======== DATA TO USE

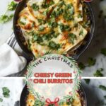 To add some festive fun, serve your Smothered Green Chili Burritos family-style right from the baking dish so everyone can help themselves. You can also plate individual burritos topped with extra cheese and chopped cilantro for a beautiful presentation at a casual dinner party.
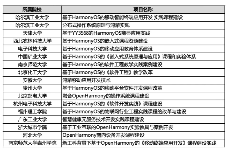 此外,根據華為人才在線官網的最新公示信息,2023 年教育部產學合作協同育人項目的華為第二批項目已經立項公示,其中包括哈爾濱工業大學、天津大學、電子科技大學等 16 個知名高校的鴻蒙項目。在此之前,諸如清華大學、北京航空航天大學、武漢大學等 985 高校已經率先開設了 HarmonyOS 的相關課程。
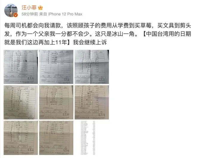 针对败诉,汪小菲昨日在微博发文强调会继续上诉,并公开司机每週给他的请款单,“该照顾的费用,从学费到买草莓,买文具到剪头髮,做为一个父亲,我一分都不会少,这只是冰山一角。我会继续上诉。”可以看到从2021年12月到2023年3月,家庭支出一共多达3000多万元。对此,大S透过经纪人向《NOWnews今日新闻》回应了,表示:“判决就是给他的回应。”另外,根据《自由时报》报导,S妈则表示:“日常费用是父母的事!我真的不了解,谢谢。”
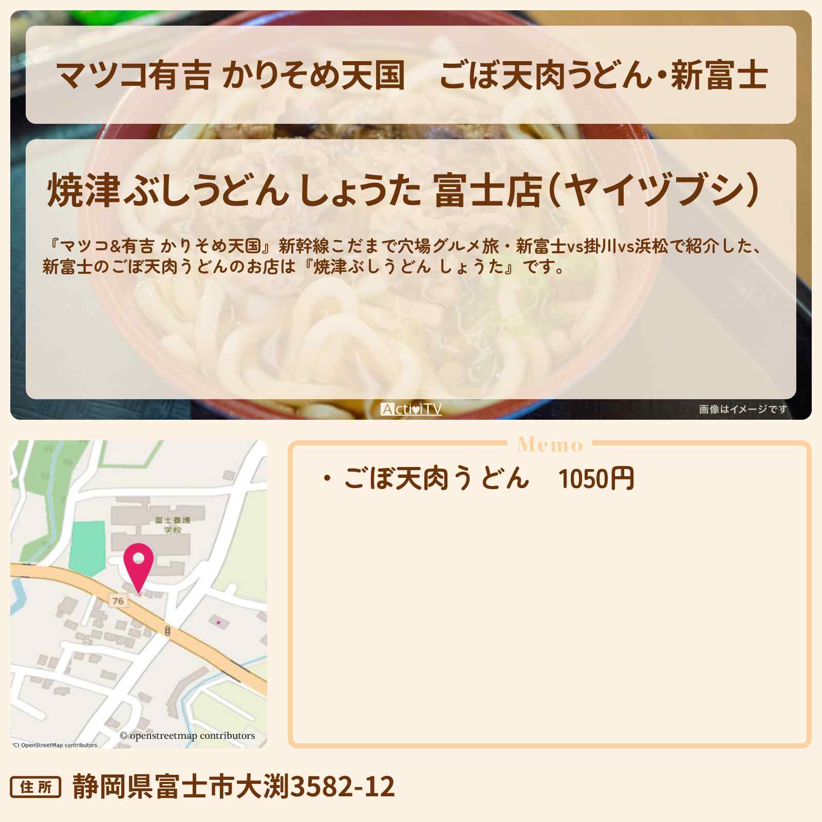 | 住所 | 静岡県富士市大渕3582-12 |
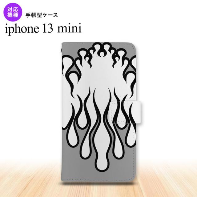 iPhone13mini iPhone13 mini 手帳型スマホケース カバー ファイヤー 炎 白 黒 iPhone13 mini 5.4インチ nk-004s-i13m-dr1307
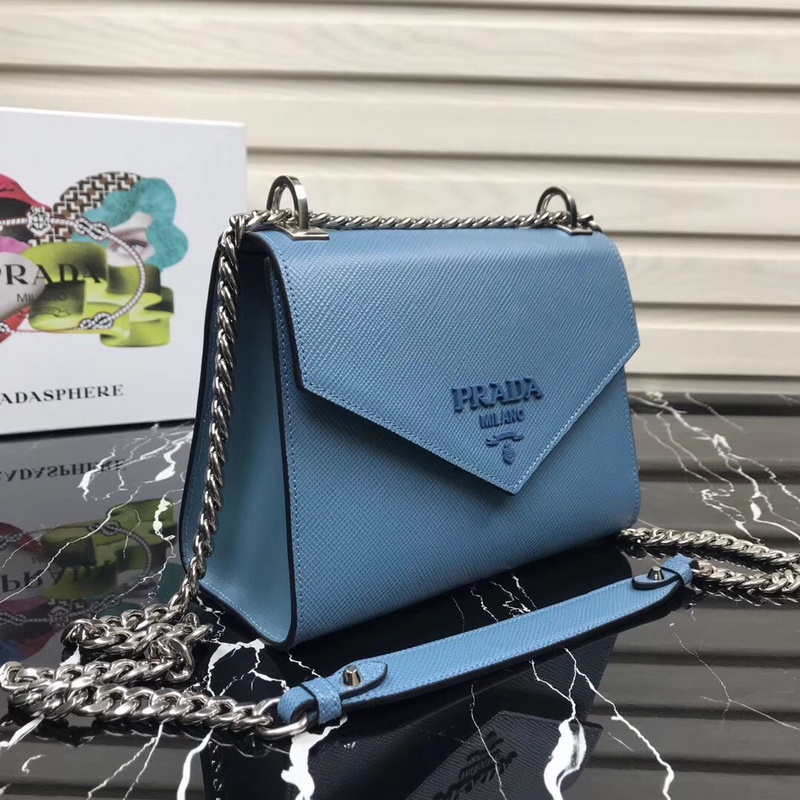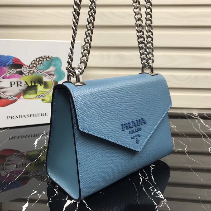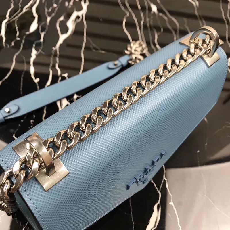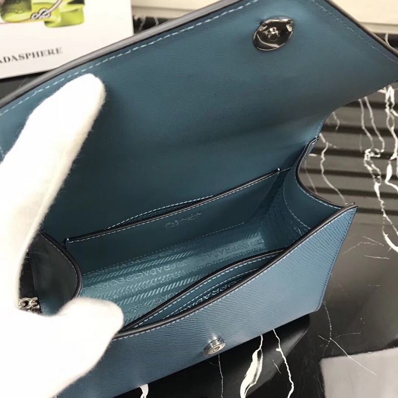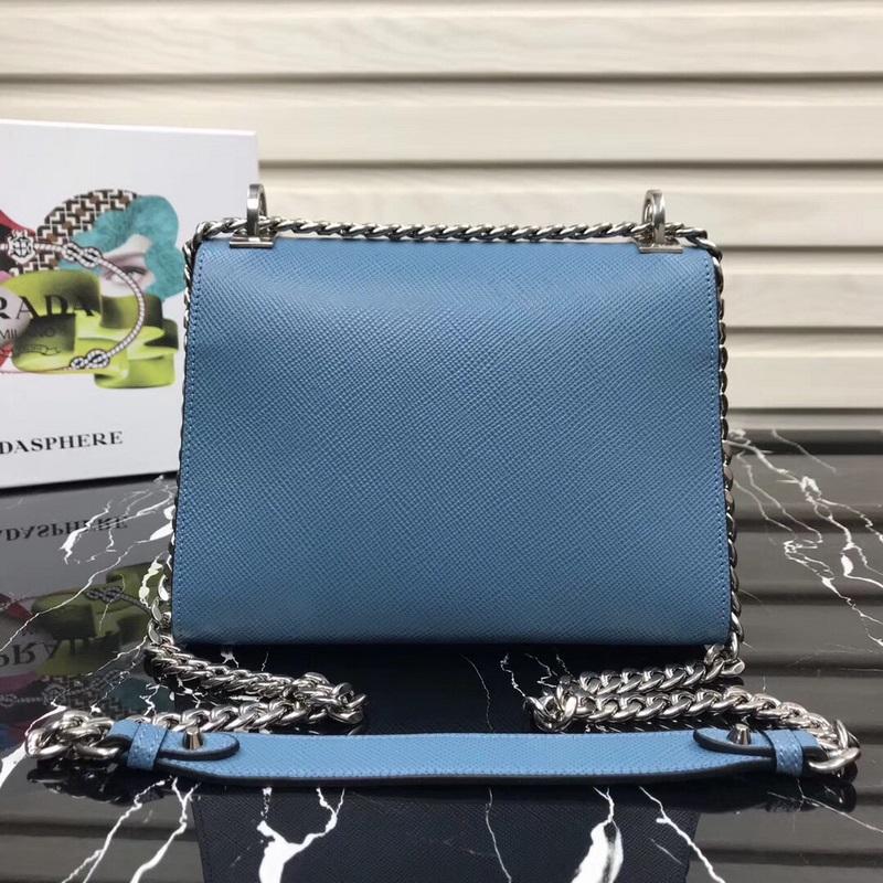 프라다 신형 모델 번호 1BD127 사피아노 가죽 거친 결의 소가죽 조절 가능한 체인 숄더 스트랩 톤 메탈 로고 상단 자석 스냅 잠금 프라다 로고 안감 내부 포켓 2개 심플한 고급스러움으로 부유함을 뽐내세요 크기: 21×14×10cm 품번: SG96181050
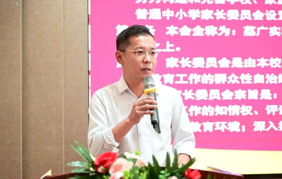 中学德育处王宝主任郑重宣读 《荔广实验学校家委会章程》 字字铿锵,条条明晰 十分钟的宣读 不仅是一纸规章的传递 更是一份责任的交付 为家校合作描绘共育蓝图
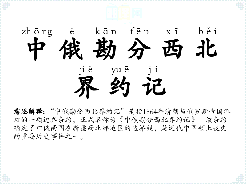 "中俄勘分西北界约记"的意思解释、中俄勘分西北界约记是什么意思由翻译网汉语词典查词提供。
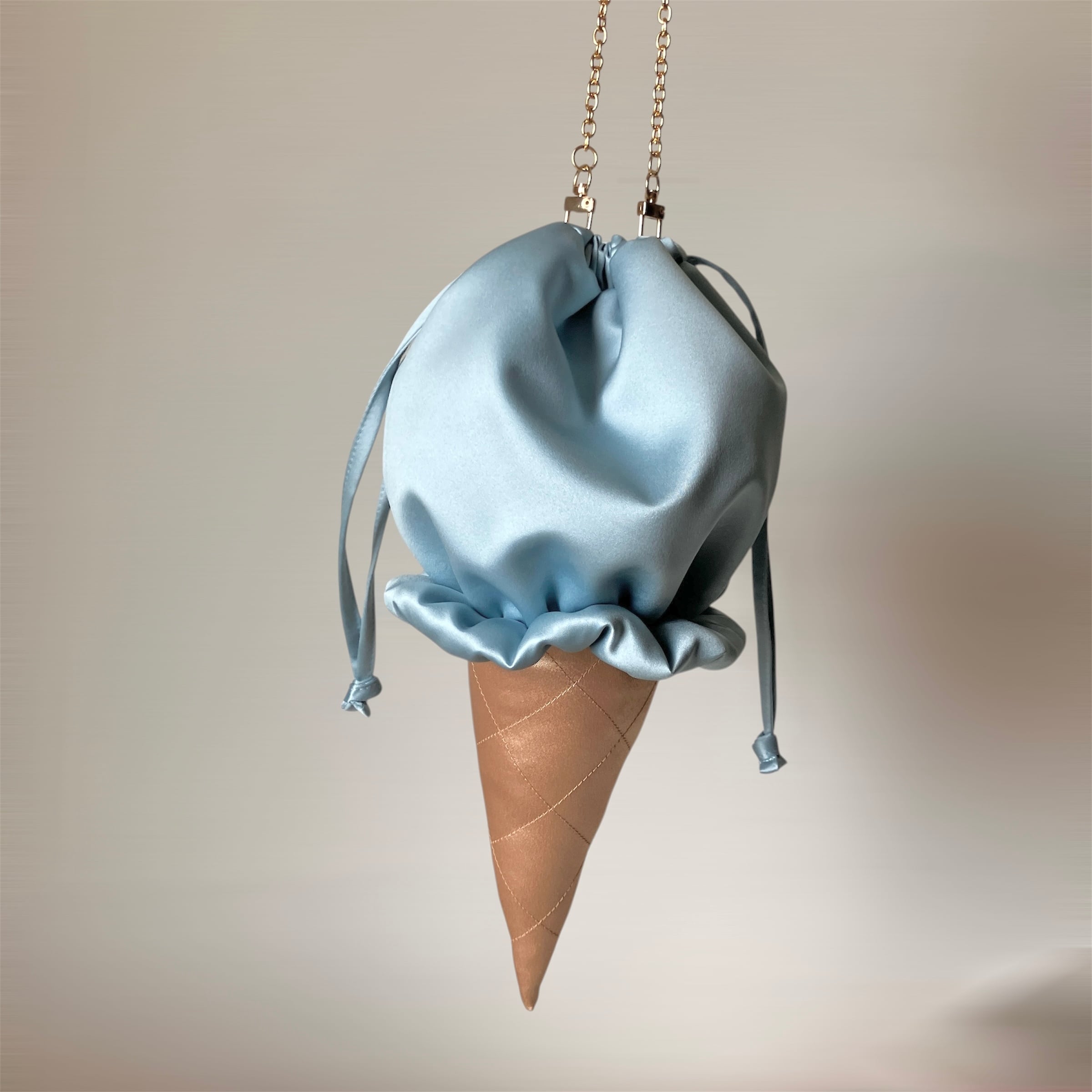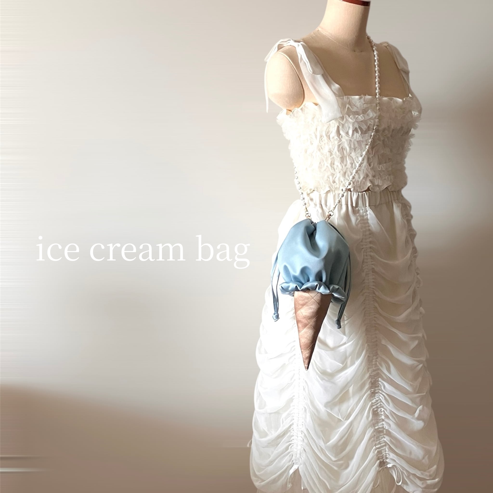 アイスクリームをモチーフにした巾着バッグ。甘すぎない絶妙なニュアンスカラーと上品な素材感で、大人の遊び心をプラスするアクセサリー感覚でお使いいただけます。

================

WHAT TO DO: When you reach the line with "住所 | 静岡県富士市大渕3582-12 |" in the entries above, start copying, and go on word for word to the last line; skip any picture.

RESULT OF THE TASK:
 | 住所 | 静岡県富士市大渕3582-12 |
 iPhone13mini iPhone13 mini 手帳型スマホケース カバー ファイヤー 炎 白 黒 iPhone13 mini 5.4インチ nk-004s-i13m-dr1307
 프라다 신형 모델 번호 1BD127 사피아노 가죽 거친 결의 소가죽 조절 가능한 체인 숄더 스트랩 톤 메탈 로고 상단 자석 스냅 잠금 프라다 로고 안감 내부 포켓 2개 심플한 고급스러움으로 부유함을 뽐내세요 크기: 21×14×10cm 품번: SG96181050
 中学德育处王宝主任郑重宣读 《荔广实验学校家委会章程》 字字铿锵,条条明晰 十分钟的宣读 不仅是一纸规章的传递 更是一份责任的交付 为家校合作描绘共育蓝图
 "中俄勘分西北界约记"的意思解释、中俄勘分西北界约记是什么意思由翻译网汉语词典查词提供。
 アイスクリームをモチーフにした巾着バッグ。甘すぎない絶妙なニュアンスカラーと上品な素材感で、大人の遊び心をプラスするアクセサリー感覚でお使いいただけます。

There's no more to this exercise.